» **Directions**: From the first line of the material below through the line containing "It is with great", print every line exactly as it stands, but no pictures.
Information provided below:
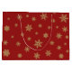 A snowflake vector digital design with gold snowflakes on a dark red background.
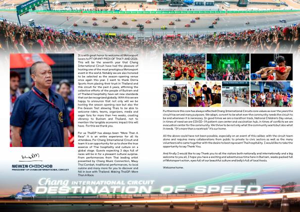 It is with great honor to welcome all Motorsport lovers to PT GRAND PRIX OF THAILAND 2026. This will be the seventh year that Chang International Circuit have had the pleasure of hosting one of the most prestigious Motorsport event in the world. Notably we are also honored to be selected as the season-opening venue once again this year. I want to thank Dorna Sports from placing their trust in Thailand and this circuit for the past 6 years, affirming the collective efforts of the people of Buriram and of Thailand hospitality have set new standards that can be recognized globally. With this we are happy to announce that not only will we be hosting the season opening race but also the Pre-Season Test allowing Thais to be able to welcome riders, teams, organizers, media and eager fans for more than two weeks, creating vibrancy to Buriram and Thailand, not to mention the tangible economic impact this will have. For this we thank you. newin chidchob president of chang international circuit
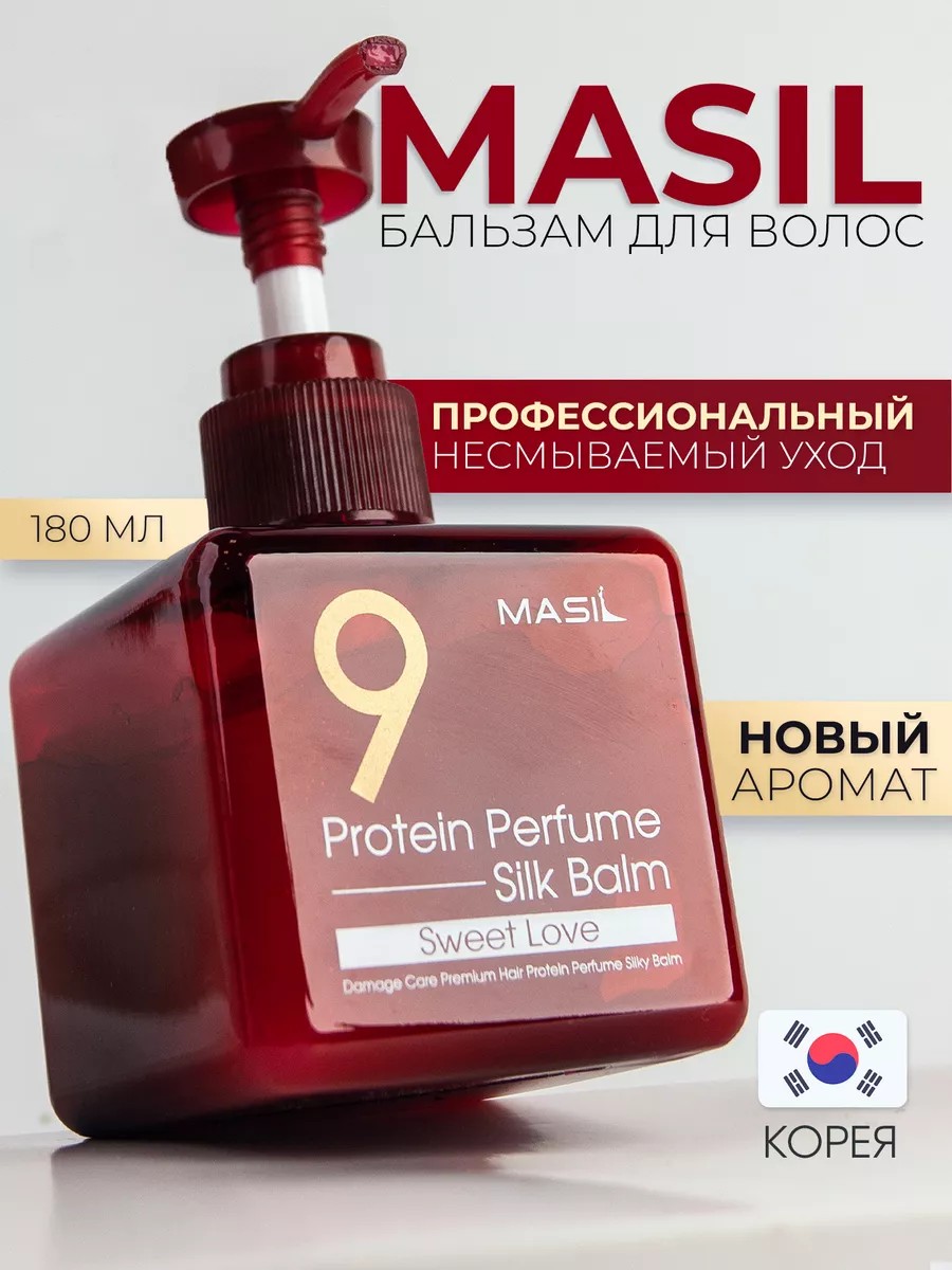Корейский бальзам термозащита Masil 9 Protein Perfume Silk Balm (Sweet Love) - это несмываемый уход для всех типов волос с кератином, коллагеном, гидролизованным шелком и маслом макадамии. Средство «15 в 1» для восстановления и ламинирования волос. Бальзам в красном флаконе SWEET LOVE (сладкая любовь) - с усиленным парфюмерным акцентом, с ярким ароматом цветов гибискуса и розы.
End of Information provided.
» **Output of the task**:
 A snowflake vector digital design with gold snowflakes on a dark red background.
 It is with great honor to welcome all Motorsport lovers to PT GRAND PRIX OF THAILAND 2026. This will be the seventh year that Chang International Circuit have had the pleasure of hosting one of the most prestigious Motorsport event in the world. Notably we are also honored to be selected as the season-opening venue once again this year. I want to thank Dorna Sports from placing their trust in Thailand and this circuit for the past 6 years, affirming the collective efforts of the people of Buriram and of Thailand hospitality have set new standards that can be recognized globally. With this we are happy to announce that not only will we be hosting the season opening race but also the Pre-Season Test allowing Thais to be able to welcome riders, teams, organizers, media and eager fans for more than two weeks, creating vibrancy to Buriram and Thailand, not to mention the tangible economic impact this will have. For this we thank you. newin chidchob president of chang international circuit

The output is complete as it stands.